You were taking ADEX eod at 100mgT/wk?  Crazy.  Was it .25mg or .5mg eod?  What were your E levels with that protocol?


----------



## mrgeeky

Hi Cashout, can I ask what your thoughts are on two forms of trt.. Reandron 1000 which Im thinking of going on.. Injected once every 10 weeks give or take.. 
And 40mg of Andriol Testocaps which I have been on for the last few years.. 

Any thoughts please?


----------



## mrgeeky

To any one reading this thread, I absolutely love cashout's post, but  I think he is missing something.. Like most he talks about injecting, (cypionate) ? twice a week? 
Better options are available now.
With the oral testosterone (andriol testo caps 40 mg) you get no pituitary gland shut down and for those who hate injecting it makes life easier.. Pop a couple of pills a day and your done..  They work like a dream as I have been on them for years and no need for any other meds with them.

The other option I have heard a lot of good things about is reandron 1000 which you inject once every 7 to 12 weeks dependant on the individual taking them.. 

So another couple of options for you guys.. You don't have to be stuck with injecting twice a week.


----------



## DocDePanda187123

mrgeeky said:


> To any one reading this thread, I absolutely love cashout's post, but  I think he is missing something.. Like most he talks about injecting, (cypionate) ? twice a week?
> Better options are available now.
> With the oral testosterone (andriol testo caps 40 mg) you get no pituitary gland shut down and for those who hate injecting it makes life easier.. Pop a couple of pills a day and your done..  They work like a dream as I have been on them for years and no need for any other meds with them.
> 
> The other option I have heard a lot of good things about is reandron 1000 which you inject once every 7 to 12 weeks dependant on the individual taking them..
> 
> So another couple of options for you guys.. You don't have to be stuck with injecting twice a week.

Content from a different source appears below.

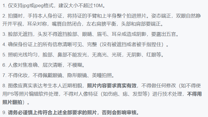 2.上传的证件照片务必是本人近期正面免冠照片,需客观反映本人近期真实面貌,不得化妆、P图,否则审核不通过。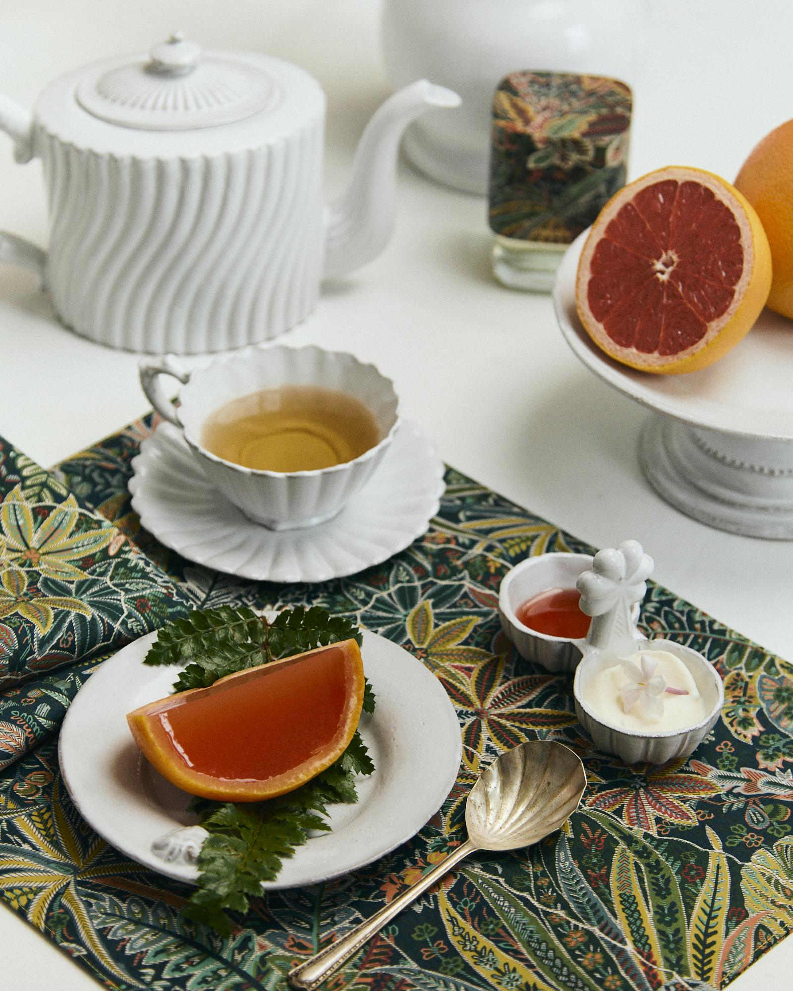 I chose Astier De Villatte tableware, which is all white and carries a nostalgic yet elegant feel. The pieces have a subtle playfulness to them. I used a placemat and napkin in the Adelphi Voyage print, also the inspiration for the Adelphi Sun fragrance.

Pituitary shutdown is secondary to hypothalamic shutdown. The lack of GNrH from the hypothalamus to the pituitary is what causes it to stop producing LH and FSH. This is NOT avoidable simply by using andriol testocaps. You will still be shutdown using them at relevant doses. They also may still require the use of an AI but that depends in the individual. I certainly wouldn't call them a better option.


----------



## Iron1

Docd187123 said:


> Pituitary shutdown is secondary to hypothalamic shutdown. The lack of GNrH from the hypothalamus to the pituitary is what causes it to stop producing LH and FSH. This is NOT avoidable simply by using andriol testocaps. You will still be shutdown using them at relevant doses. They also may still require the use of an AI but that depends in the individual. I certainly wouldn't call them a better option.


----------



## mrgeeky

Hi Doc, then can you explain why on testocaps, I have absolutey no nut shrinkage? Still shoot a good load.  When I was on injecatables, instant nut shrinkage.. 
Infact I read an article that stated the reason for this was your pituitary gland wasn't shut down on orals..  Will see if I can dig it up again for you..


----------



## DocDePanda187123

mrgeeky said:


> Hi Doc, then can you explain why on testocaps, I have absolutey no nut shrinkage? Still shoot a good load.  When I was on injecatables, instant nut shrinkage..
> Infact I read an article that stated the reason for this was your pituitary gland wasn't shut down on orals..  Will see if I can dig it up again for you..



We know all exogenous steroids will suppress natural production. That is a basic truth of every available anabolic androgenic. Teaticular atrophy is a side effect of suppression. Some ppl never experience the atrophy while others expereince it to a large degree. That's one reason and the other is bc absorption of oral testosterone like andriol is much lower than injectable preparations. If you took 100mg of each, the injectable test would be much more readily absorbed so at similar doses you'd potentially expereince increased testicular atrophy. Andriol boosts test levels which will also increase aromatization which by itself would further limit natural testoaterone production. Your pituitary is not shutdown directly. It's a downstream effect bc when taking exogenous test like andriol it will ultimately inhibit the hypothalamus from producing GNrH which acts upon the pituitary. So pituitary shutdown is secondary to the hypothalamus. 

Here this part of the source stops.